Where did you stay in Goodview? We live in Goodview. Both us and our friends down the street own Outbacks. We closed the beer gardens on Friday and Sunday nigths.


----------



## fixjet (Jan 19, 2004)

I was in Goodview Friday Night. Stayed on the Curb in front of my brothers house on 43rd Ave. and walked to the beer tent. Usually we stay at Prairie Island when we come to Winona.


----------



## camping479 (Aug 27, 2003)

We were in the black hills 3 weeks ago. Sure is a beautiful part of the country to see. We really like the area. So much so we talked about wanting to someday move there but we'll see.

We stayed at the Rafter J Bar Ranch outside Hill city. One of the nicest we've stayed in.

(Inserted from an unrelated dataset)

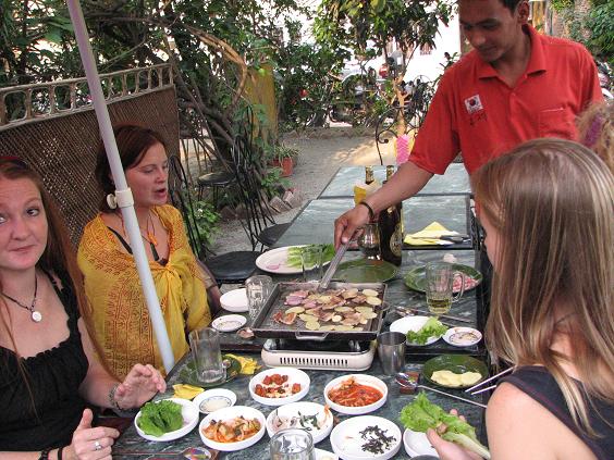 Tauru chose a Korean restaurant to celebrate his b-day bash. A couple of folks joined. And there was barbeque, Tauru's favorite. Here's Ganesh (named after Lord Ganesh, the Hindu god with an elephant's head) grilling for us.

What else did you see out there?



> I think we must have saved at least an hour of travel time not losing speed up all the hills on I90. Stability with the 3/4 ton and the Equalizer were great and the I completely forgot the Prodigy was even on board (never touched it). How about MPG 7.75-8 no matter if I was in the hills or flats


Hmmmmmmmmm........I think I'll take the extra hour and the 10mpg we got with our 5.3 for now anyway









Mike


----------



## dancinmon (Oct 5, 2004)

fixjet said:


> I was in Goodview Friday Night. Stayed on the Curb in front of my brothers house on 43rd Ave. and walked to the beer tent. Usually we stay at Prairie Island when we come to Winona.
> [snapback]50876[/snapback]​


We live about 7 blocks from your brothers house on 51st Ave. by the Goodview school. Probably walked right by you in the beer garden. We were there all nite. Our favorite campground is about an hour away in Lansboro, MN. - Highway 250 Campground. Huge grassy sites - most right on the river. Lots to do - 56 miles of paved bike paths - runs right through the campround, river tubing, canoeing, 1/4 mile walk to town on the bike path for late nite bar hopping, antique, craft, jewelery shops, winery, amish tours, cave exploring, etc.


----------



## fixjet (Jan 19, 2004)

We did a bus tour on day one that hit all the main sites, Rushmore, Crazy Horse, Needles Highway, Custer. It was a 9 hour tour with about 1.5 hours at each site. The driver was had ton's of Black Hills information and It was great. It included breakfast and dinner with lunch on your own. Total for the 5 of use was $219. It was worth it but the food was just ok. Lunch at the Custer State Park Lodge was great. 
On our own we did the Badlands, Bear Country, Reptile Gardens, Keystone Alpine Slide, and of course WALL DRUG!! By the $10 Coupon and save about $5 at each attraction. Tons more to do just ran out of time.


----------



## cookie9933 (Feb 26, 2005)

Fixjet,

Before we bought our F250 with the Powerstroke, I did an Excel spreadsheet to project the payoff time for the PSD versus the Ford 6.8 liter V-10. This spreadsheet takes into account the cost difference of the two engines, the cost of oil changes, fuel filter and oil filter costs, the cost of fuel and the assumed mpg for each engine. Different figures can be entered for the variables to get different scenarios..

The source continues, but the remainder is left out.